Outside the courthouse, veterans in full combat gear marched in support of the book. (The court in January 1982 ordered the school to return it to the library.)
“At the beginning, I spoke to the children just to have something to say and to make them talk. Later I realized they were all saying the same things – not really saying them,” he wrote.
“They were worried, every one of them, not about the big things, not about survival, but about how they would explain their lost legs or the weakness in their right arm,” he continued. “Would they embarrass their families?” …Would anyone like them when they came back?
He also wrote in harrowing detail about the injuries – shredded legs, burned faces, mutilated fingers – as well as the men who did not survive.
On a soldier seriously injured by a mine explosion: “There was not enough skin to completely close his surgical wounds, so his stumps remained open. … Despite the antibiotics, his wounds became infected. The fourth night in the room, he attempted suicide. … On the seventh day, his fever reached 106 degrees Fahrenheit; he became unconscious, and seven days after his injuries he expired.
Ronald Joel Glasser was born in Chicago on May 31, 1939 to parents who owned a delicatessen. He graduated from Johns Hopkins University with a bachelor’s degree in 1961 and stayed on at the university to earn an MD in 1965, later specializing in pediatric nephrology while on fellowship at the University of Minnesota.

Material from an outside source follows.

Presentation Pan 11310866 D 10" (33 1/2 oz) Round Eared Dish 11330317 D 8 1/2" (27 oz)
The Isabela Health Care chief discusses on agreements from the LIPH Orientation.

He completed “365 Days” after returning from a two-year deployment to the military hospital. “As for me,” he wrote, “my wish is not that I had never been in the military, but that this book could never have been written.”

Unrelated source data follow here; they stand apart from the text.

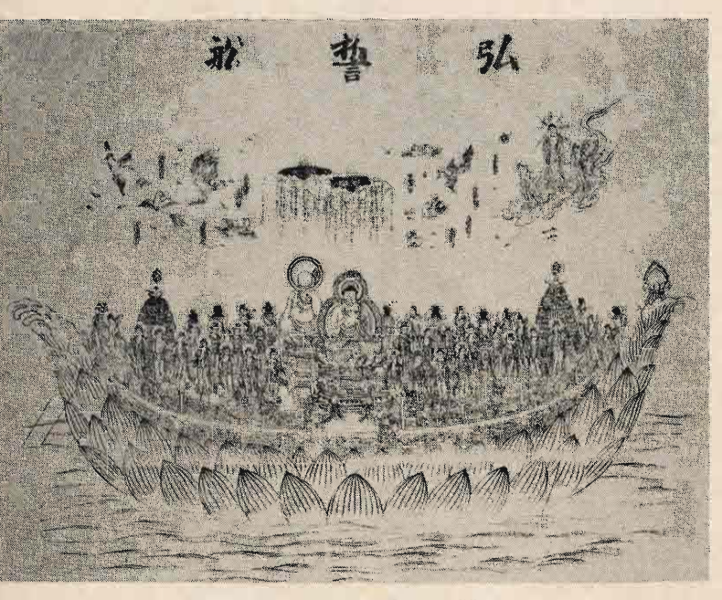
THE SHIP OF THE GREAT VOW A Japanese version of the Ship of the Doctrine according to Mahayana Buddhism. A woodcut by Koseisen, formerly in the William Bateson Collection.

found in the Chinese Mahayana sect, and is used in the identical way. The Nembutsu is an essential part of the teaching of the Pure Land. There is little merit, however, in the mere repeating of the words. The formula must cause a quiet, thoughtful experience of the meaning of the mystic salutation. There must be a total acceptance of the Amitabha power. It must be known as an indwelling image, continually intensified by contemplative procedure. To the Amidists, the Nembutsu is the prayer which causes the lotus seed of salvation to fall into the pool of the Western Paradise, and which assures the entry of the believer into Amida's Blessed Land. (See Part II, Autumn 1961, page 60).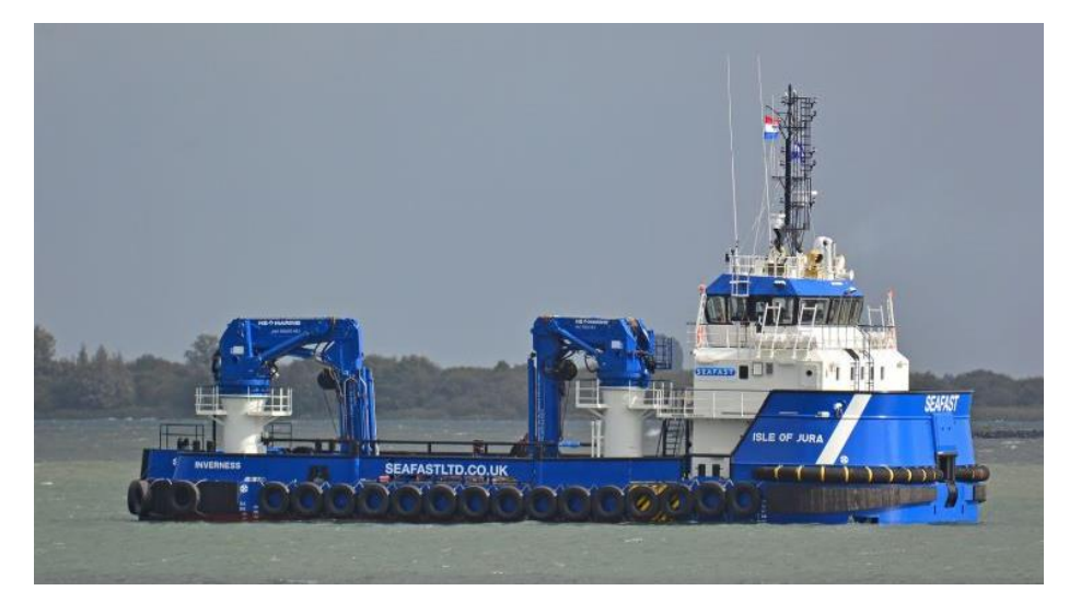
Figure 2. Isle of Jura

It is requested that other vessels transiting and operating in proximity to the area where recovery operations will be undertaken maintain a safe distance and transit at a reduced speed.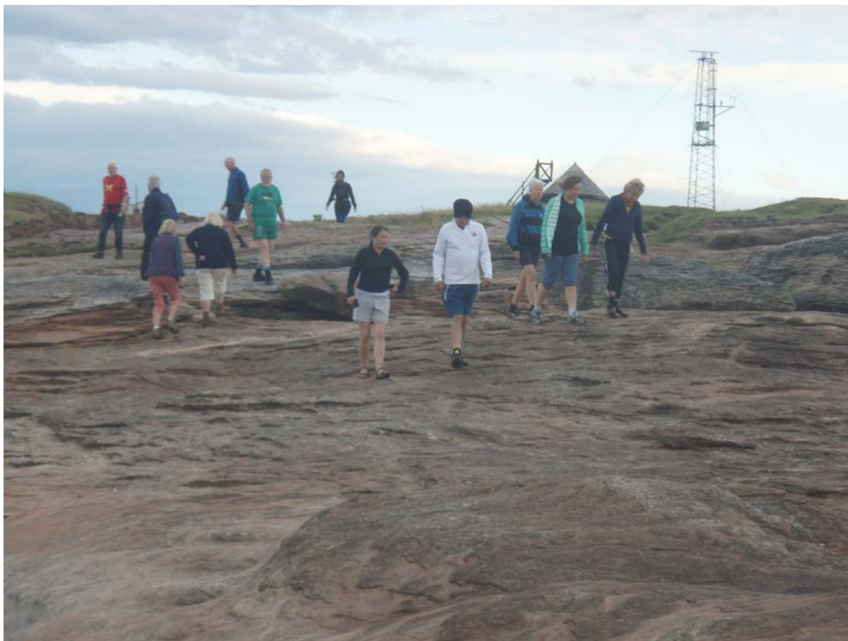
Welsh Maid made it to the top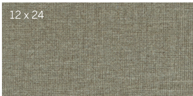
12 x 24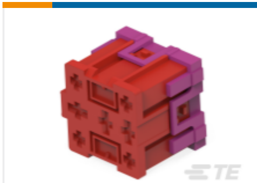
TE Part #444313-3 HSG ASS'Y 9 POSN. COMB.

Dr. Glasser wrote four more books while working in pediatrics, first as a professor at the University of Minnesota and then in private practice until his retirement in 2016.

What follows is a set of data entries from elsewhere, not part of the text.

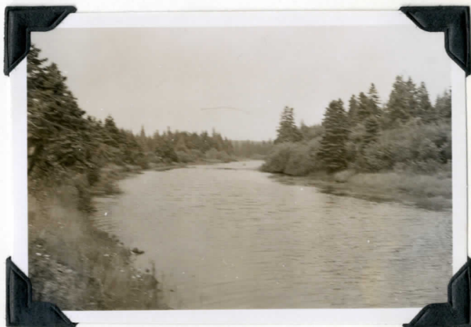
Southwest Margaree River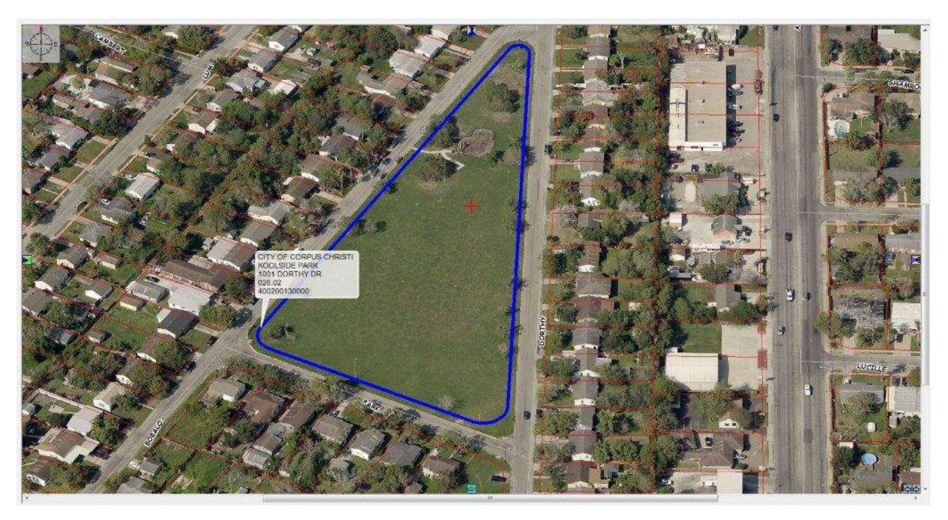
Holly 3.28 AC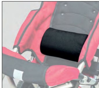
OMO_124 Lumbar support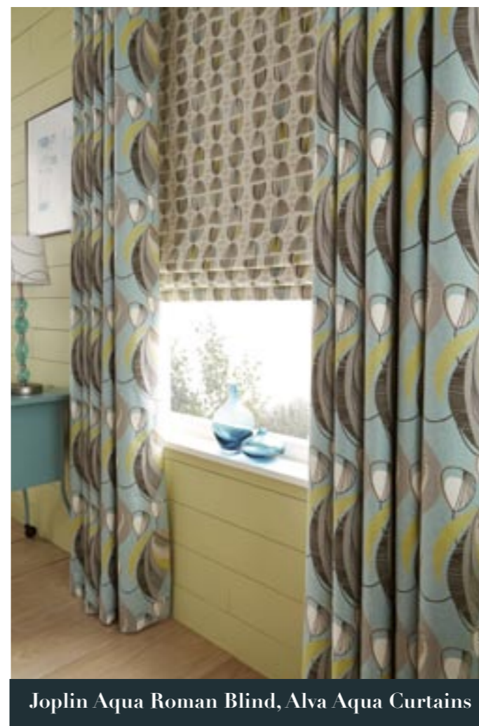
Joplin Aqua Roman Blind, Alva Aqua Curtains

Light, bright airy spaces create a sense of calm and well-being. Wood Venetians are a lovely modern choice for windows, especially those that face out onto a busy street as the slats can be adjusted for privacy but still let in plenty of light.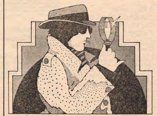
Michael Sadler's play The Bull of La Plata: 7.30 pm

“Ward 402” (1973) and “The Body Is the Hero” (1976) analyze the limits of modern medical training to treat patients holistically; the novel “Another War, Another Peace” (1985) follows a doctor during the Vietnam War. In “Broken Bodies, Shattered Minds” (2011), Dr. Glasser delved into the history and advancements of military medicine, also advocating for a better understanding of post-traumatic stress disorder, or PTSD, in Veterans.
At the time, he said research into PTSD was particularly important as troops in Afghanistan increasingly faced explosions from improvised explosive devices, or IEDs. “The one big medicine success story in Afghanistan is the realization and the link between traumatic brain injury, concussions and PTSD,” he told NPR’s “All Things Considered.”
His 10-year marriage to Janis Amatuzio ended in divorce in 1992. In 2008 he married Joy Itman, who was confirmed dead from complications from dementia. They divorced in 2018, but she effectively remained “his wife and partner,” she said.
Survivors include three stepchildren from his second marriage, Rachel, Benjamin and Aaron Silberman.
In “365 Days,” Dr. Glasser was repeatedly struck by the way young conscripts obeyed orders and did their duty in the field, even though some were deeply opposed to the war. They were all just counting the days.
“Strange war,” he wrote. “Going for something they didn’t believe in or cared about, just to do it 365 days and be done with it.”